■ **PROMPT**: Among the lines below, keep only those from the one containing "JAG (military-speak for" through the one containing "Tender pork tenderloin", and reproduce them exactly.

■ **STUDY MATERIAL**:
══════════
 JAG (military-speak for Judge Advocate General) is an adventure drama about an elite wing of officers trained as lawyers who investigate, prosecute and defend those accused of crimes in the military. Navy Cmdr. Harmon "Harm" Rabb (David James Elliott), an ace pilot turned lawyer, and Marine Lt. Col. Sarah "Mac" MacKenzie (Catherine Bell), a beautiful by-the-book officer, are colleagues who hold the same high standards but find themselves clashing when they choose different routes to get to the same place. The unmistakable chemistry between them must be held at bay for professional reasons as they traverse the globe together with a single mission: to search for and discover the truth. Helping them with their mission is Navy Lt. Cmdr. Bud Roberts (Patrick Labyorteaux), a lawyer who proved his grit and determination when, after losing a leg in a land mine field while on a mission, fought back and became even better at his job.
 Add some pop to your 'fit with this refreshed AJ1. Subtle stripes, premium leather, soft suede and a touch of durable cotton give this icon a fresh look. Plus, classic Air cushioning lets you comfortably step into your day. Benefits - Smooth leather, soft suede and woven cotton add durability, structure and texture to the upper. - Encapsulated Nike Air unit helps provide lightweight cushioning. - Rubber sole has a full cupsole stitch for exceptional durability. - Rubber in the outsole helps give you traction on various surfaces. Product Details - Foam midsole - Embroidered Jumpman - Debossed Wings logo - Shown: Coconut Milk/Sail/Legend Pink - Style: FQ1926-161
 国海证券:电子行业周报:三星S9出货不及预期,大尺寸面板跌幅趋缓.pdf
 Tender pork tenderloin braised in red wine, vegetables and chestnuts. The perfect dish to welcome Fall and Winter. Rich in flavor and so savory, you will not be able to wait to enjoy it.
══════════
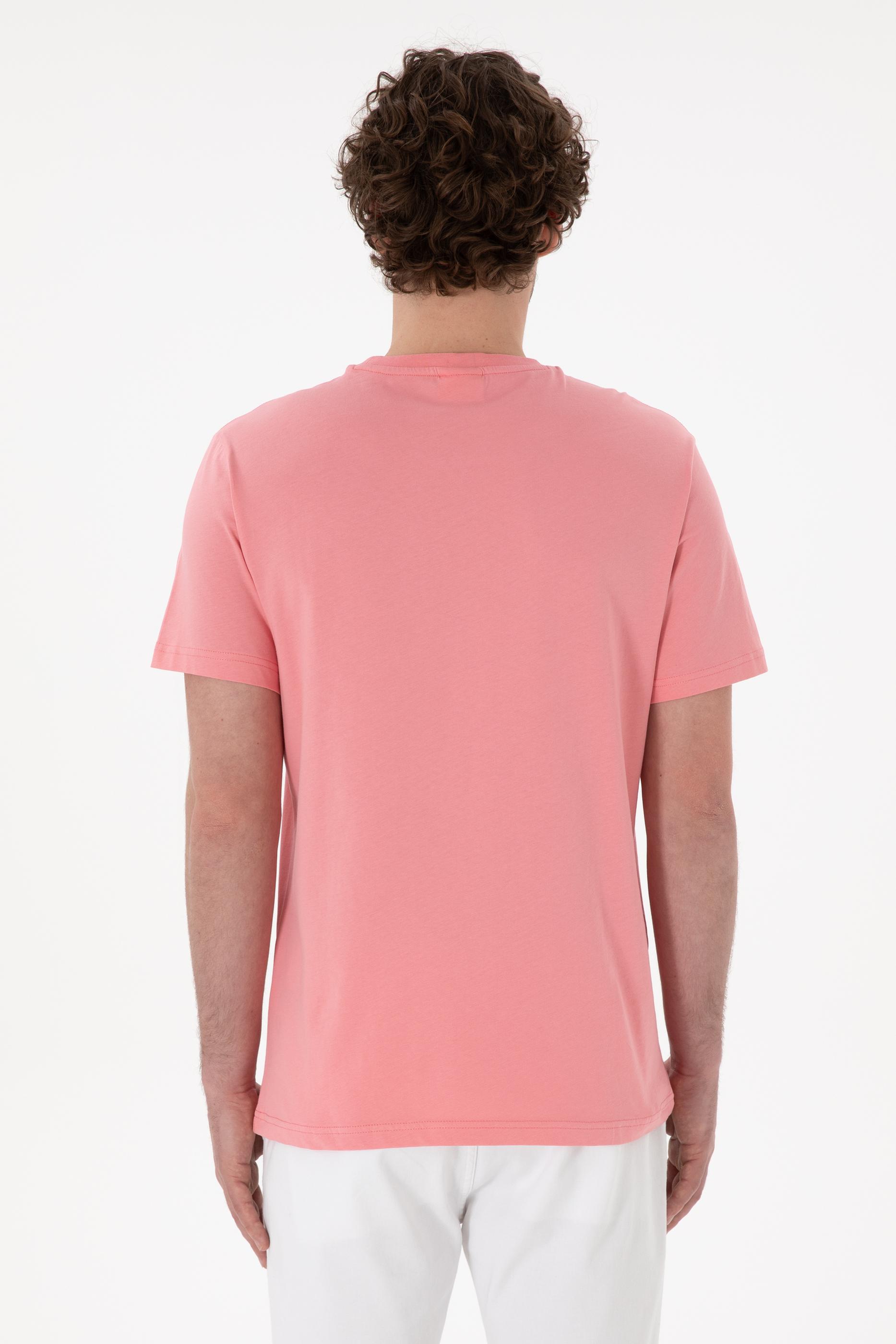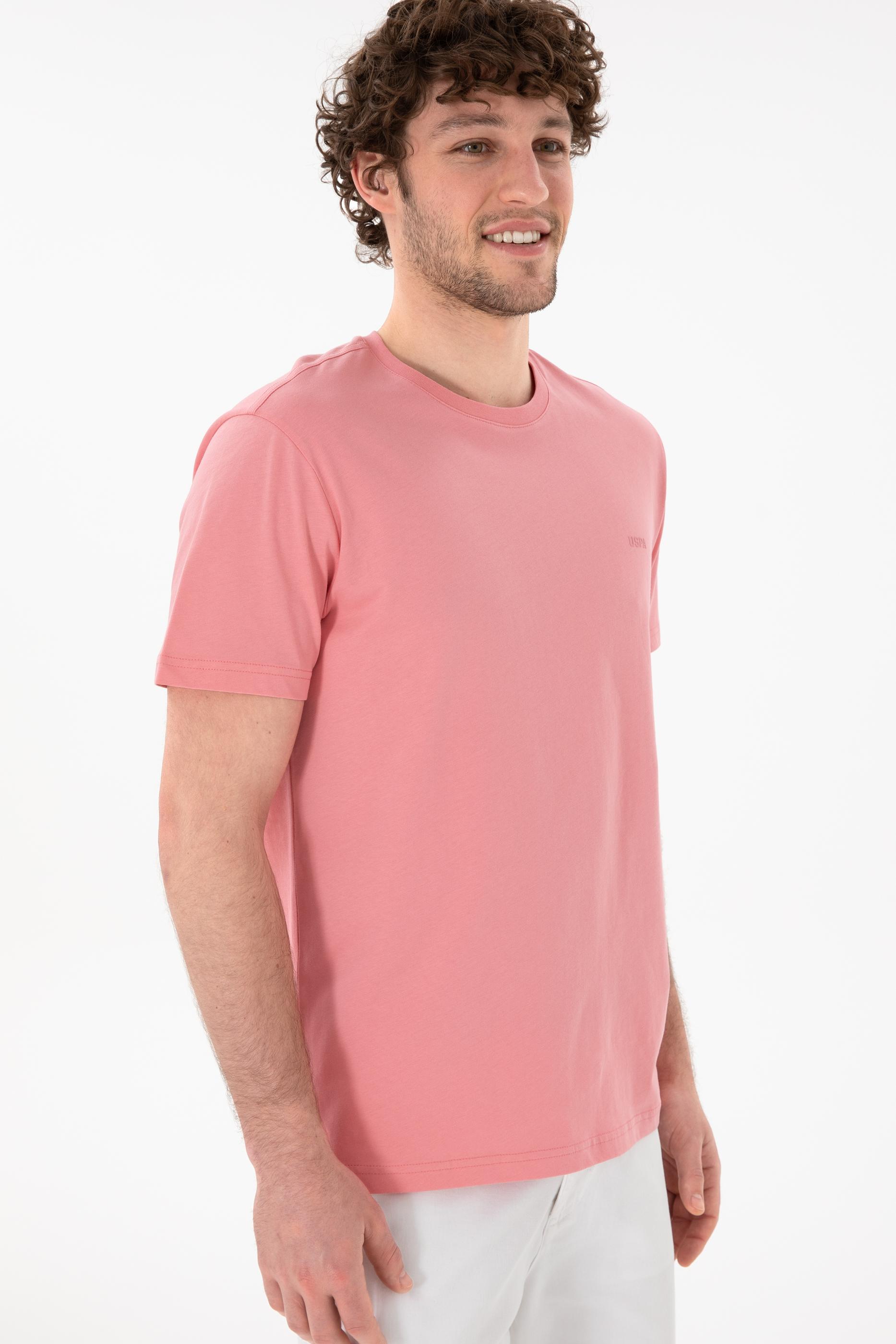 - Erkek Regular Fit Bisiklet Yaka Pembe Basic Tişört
══════════
■ **FINISHED EXERCISE**:
 JAG (military-speak for Judge Advocate General) is an adventure drama about an elite wing of officers trained as lawyers who investigate, prosecute and defend those accused of crimes in the military. Navy Cmdr. Harmon "Harm" Rabb (David James Elliott), an ace pilot turned lawyer, and Marine Lt. Col. Sarah "Mac" MacKenzie (Catherine Bell), a beautiful by-the-book officer, are colleagues who hold the same high standards but find themselves clashing when they choose different routes to get to the same place. The unmistakable chemistry between them must be held at bay for professional reasons as they traverse the globe together with a single mission: to search for and discover the truth. Helping them with their mission is Navy Lt. Cmdr. Bud Roberts (Patrick Labyorteaux), a lawyer who proved his grit and determination when, after losing a leg in a land mine field while on a mission, fought back and became even better at his job.
 Add some pop to your 'fit with this refreshed AJ1. Subtle stripes, premium leather, soft suede and a touch of durable cotton give this icon a fresh look. Plus, classic Air cushioning lets you comfortably step into your day. Benefits - Smooth leather, soft suede and woven cotton add durability, structure and texture to the upper. - Encapsulated Nike Air unit helps provide lightweight cushioning. - Rubber sole has a full cupsole stitch for exceptional durability. - Rubber in the outsole helps give you traction on various surfaces. Product Details - Foam midsole - Embroidered Jumpman - Debossed Wings logo - Shown: Coconut Milk/Sail/Legend Pink - Style: FQ1926-161
 国海证券:电子行业周报:三星S9出货不及预期,大尺寸面板跌幅趋缓.pdf
 Tender pork tenderloin braised in red wine, vegetables and chestnuts. The perfect dish to welcome Fall and Winter. Rich in flavor and so savory, you will not be able to wait to enjoy it.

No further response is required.